Support DuckDB as computation backend

Kotlin / dataframe

Structured data processing in Kotlin

https://kotlin.github.io/dataframe/overview.html

Apache License 2.0

799 stars 55 forks source link

Support DuckDB as computation backend #186

Open mmerdes opened 1 year ago

mmerdes commented 1 year ago

If I understand Kotlin dataframes correctly, computations are done directly in the JVM. For many use-cases, the optimized data storage and vectorized computations of DuckDB could be very useful in terms of performance and memory consumption.

So maybe there could be a way to move computations to DuckDB via Apache Arrow, which offers a columnar memory format, zero-copy reads, streaming, and an extensive Java API.

The goal would be to perform analytical computations against DuckDB directly from Kotlin in a way similar to the one described here for Python and R: https://arrow.apache.org/blog/2021/12/03/arrow-duckdb/

Looking forward to hear what you think about the feasibility of such an approach.

koperagen commented 1 year ago

Hi!

If I understand Kotlin dataframes correctly, computations are done directly in the JVM.

Yes

Looking forward to hear what you think about the feasibility of such an approach.

First of all, thank you for sharing the post about DuckDB. I didn't know about it. I'm aware of Apache Arrow and we indeed consider implementing other backend as a long term goal of the library, so this information should be useful :) Although, i wouldn't expect other backends to be implemented in near future as we are more focused on improving experience for in-memory computation use case and experimenting with more advanced tooling

mmerdes commented 1 year ago

@koperagen, Thank you for the super-fast feedback!

koperagen commented 1 year ago

Hi again.

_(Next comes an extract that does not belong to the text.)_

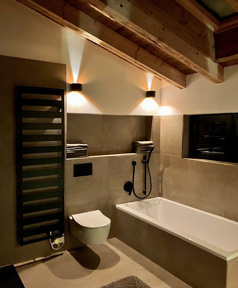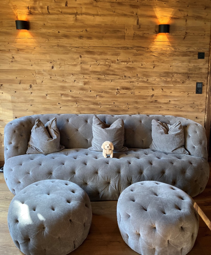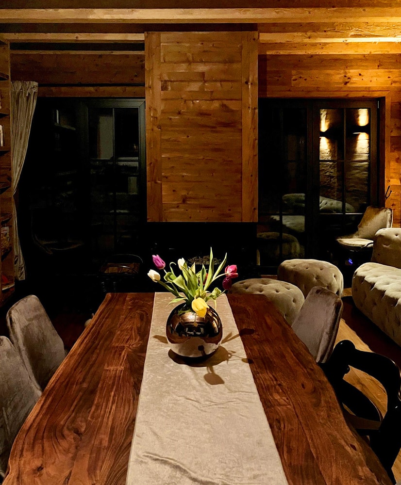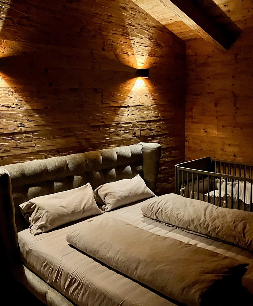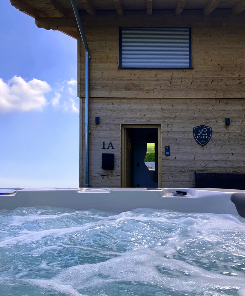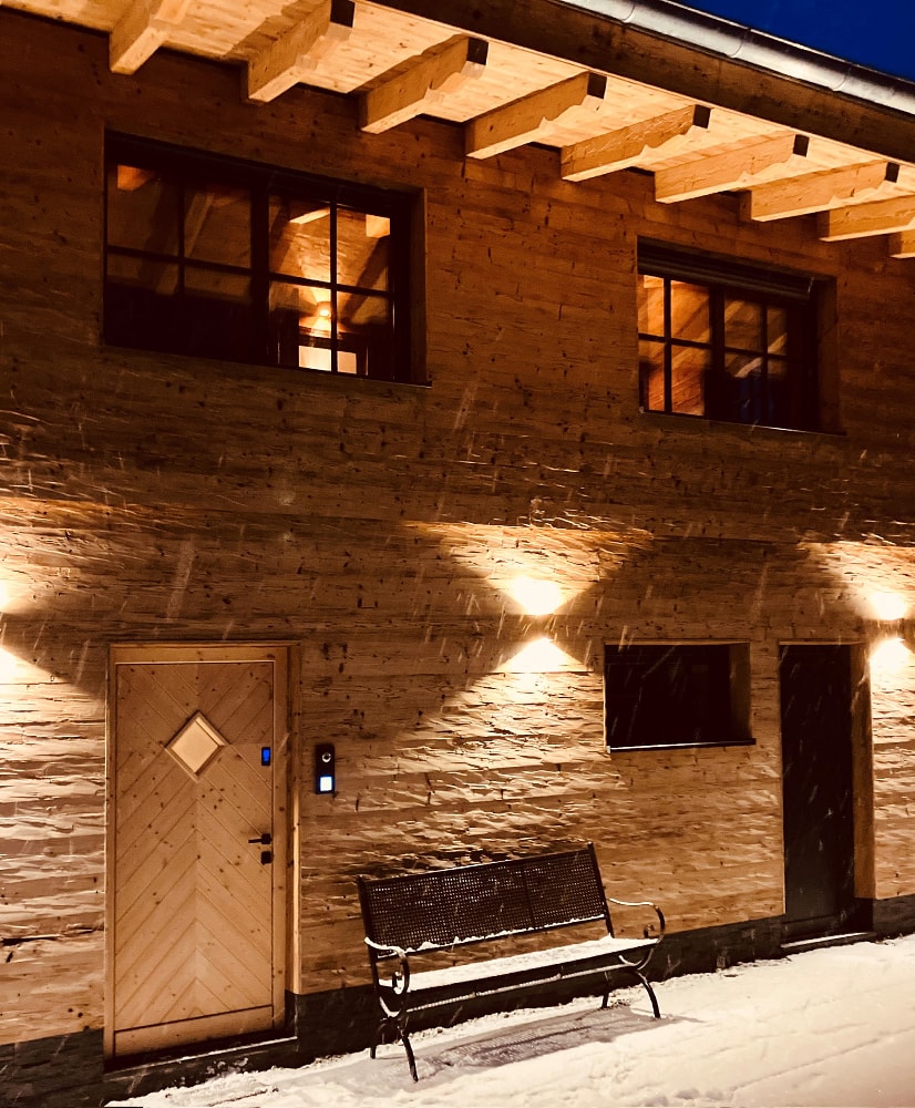 Das Interieur aus warmem Holz, sanftem Licht und hochwertigen Lampen schafft eine Atmosphäre zum Wohlfühlen – elegant, gemütlich und authentisch. Genießen Sie den offenen Kamin mit Holzumrandung, die Infrarotsauna mit Lichteffekten oder den beheizten Whirlpool unter freiem Himmel.

I was exploring posibilities for different computational backends and couldn't fully understand purpose and implemenetation of integration between Apache Arrow and duckDB. I assume scope of these libraries intersect greatly, but providing zero-copy integration enables some convenience..? If you use Apache Arrow <-> duckDB integration and call something like filter, result will be computed by Arrow? Also, i couldn't find if this integration is available in Java API, only Python. Is that true? @mmerdes

mmerdes commented 1 year ago

hi @koperagen, sorry for the delay! yes, Arrow does have support for Java: https://arrow.apache.org/docs/java/

mmerdes commented 1 year ago

If I am not mistaken, Arrow is more about the storage layout/format (a columnar format optimized for computations) than about the computations themselves. This format is the same for storing in memory and transmitting over the network. So in case of huge data sets, a lot of time is saved by not (de)serializing data when crossing the border between applications and even between local memory and network buffers.

mmerdes commented 1 year ago

So while arrow greatly speeds up transferring the data around the computation is still done in the respective environment (e.g., DuckDB in your original example). Hope this helps.

For more solid advice, it might be helpful to contact the Apache Arrow people. I could imagine they would be interested in more integrations and able to give some pointers.

koperagen commented 1 year ago

Your explanations made things a lot clearer, thank you. I'll continue researching this topic :)

koperagen commented 1 year ago

I found that DuckDB Java API also offers export / import of data in Apache Arrow format. So, if we manage to fit DataFrame model into Apache Arrow format, it should be possible to move your data between duckdb / kotlin code without copying. This way one can compute something in duckdb, then move to Kotlin and perform some operations, then again offload heavy computation to duckdb. You're proposing this kind of integration or something else? Maybe you have some specific use cases that can be enabled with it?

mmerdes commented 1 year ago

Yes, along these lines. Key is the copy-less transfer between the environments which allows for selecting the optimal computation environment for the task at hand. This should be generally useful beyond specific use cases.